What format do you want the result set in? Both the arithmetic set (let's call this A) and the bitwise set (let's call this B) have the both the advantage of being quickly testable, and the advantage of being easily iterable. But each of those kinds of definition can define things that the other can't, so the intersection of them needs to be something else entirely.

What I would do is handle testing and iteration separately. An easily-testable definition can be created easily by converting both sets to arbitrary mathematical expressions (the bitwise set can be converted to a few bitwise operations, as other posters have described) by simply using logical "and". This is easily generalized to sets of any kind - simply store references to both of the parent sets, and when asked whether a number is in both sets, just check with both of the parent sets.

However, an arbitrary mathematical expression is not easy to iterate over at all. For iteration, the simplest method is the iterate over set B (which can be done by changing only the bits that aren't constrained by the set), and allow set A to constrain the result. If A uses > or >=, then iterate down (from the maximum number) and halt on false for maximum efficiency; if A uses < or <=, then iterate up (from the minimum number) and halt on false.

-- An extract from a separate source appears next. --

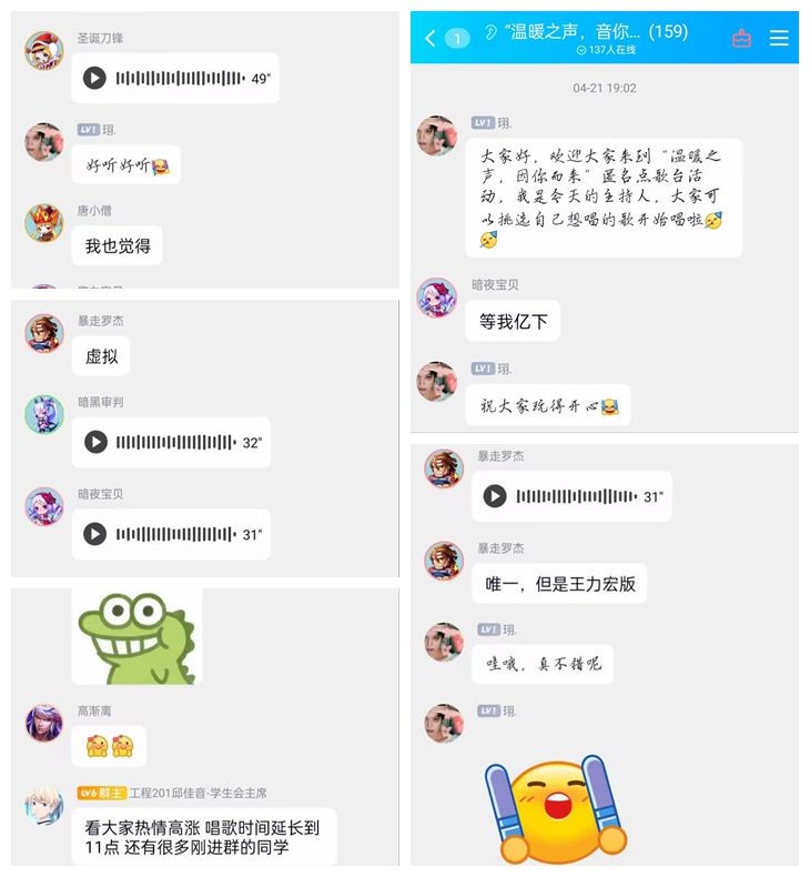为丰富校园文化生活,给予学生展示才华的舞台,展现大学生朝气蓬勃、奋发向上的精神风貌。4月21日晚,吃瓜网 于线上QQ群举办“温暖之声,音你而来”匿名点歌台活动,共计170名城建学子参加此次活动。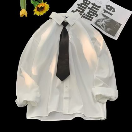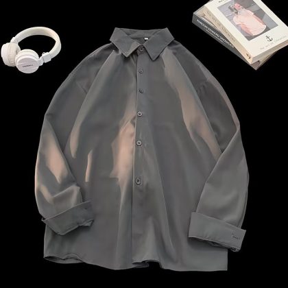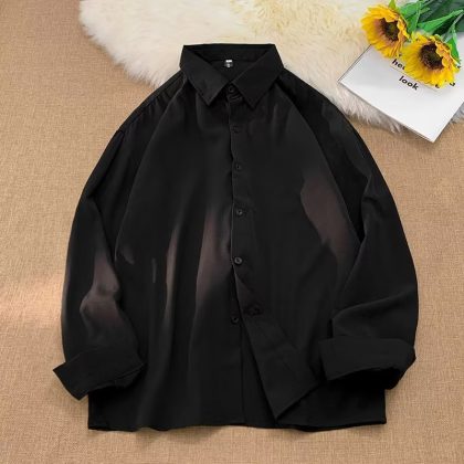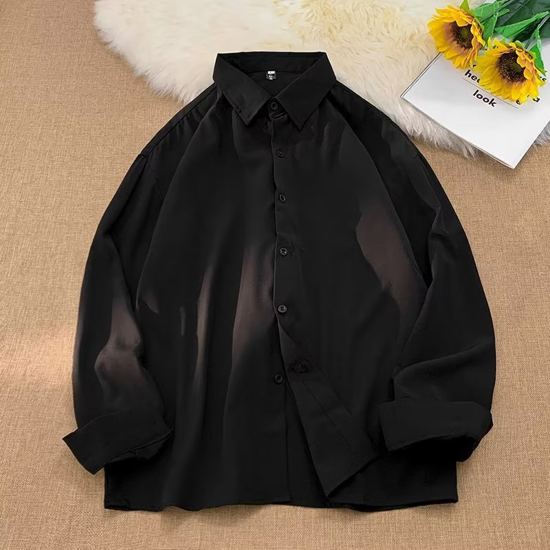 Light mature style white shirt men’s long-sleeved spring and summer Korean style ins Ruan handsome inner shirt trendy draping top clothes

If A uses ==, then there's only one number to check, and if A uses !=, then either direction is fine (but you can't halt on false).

Note that a bitwise set can behave like an indexable array of numbers - for example, the bitwise set defined by 11XX00XX can be treated as an array with indexes ranging from 0000 to 1111, with the bits of the index being fit into the corresponding slots. This makes it easy to iterate up or down over the set. Set A can be indexed in a similar way, but since it can easily be an infinite set (unless constrained by your machine's int value, though it doesn't have to be, ie BigInteger), it isn't the safest thing to iterate over.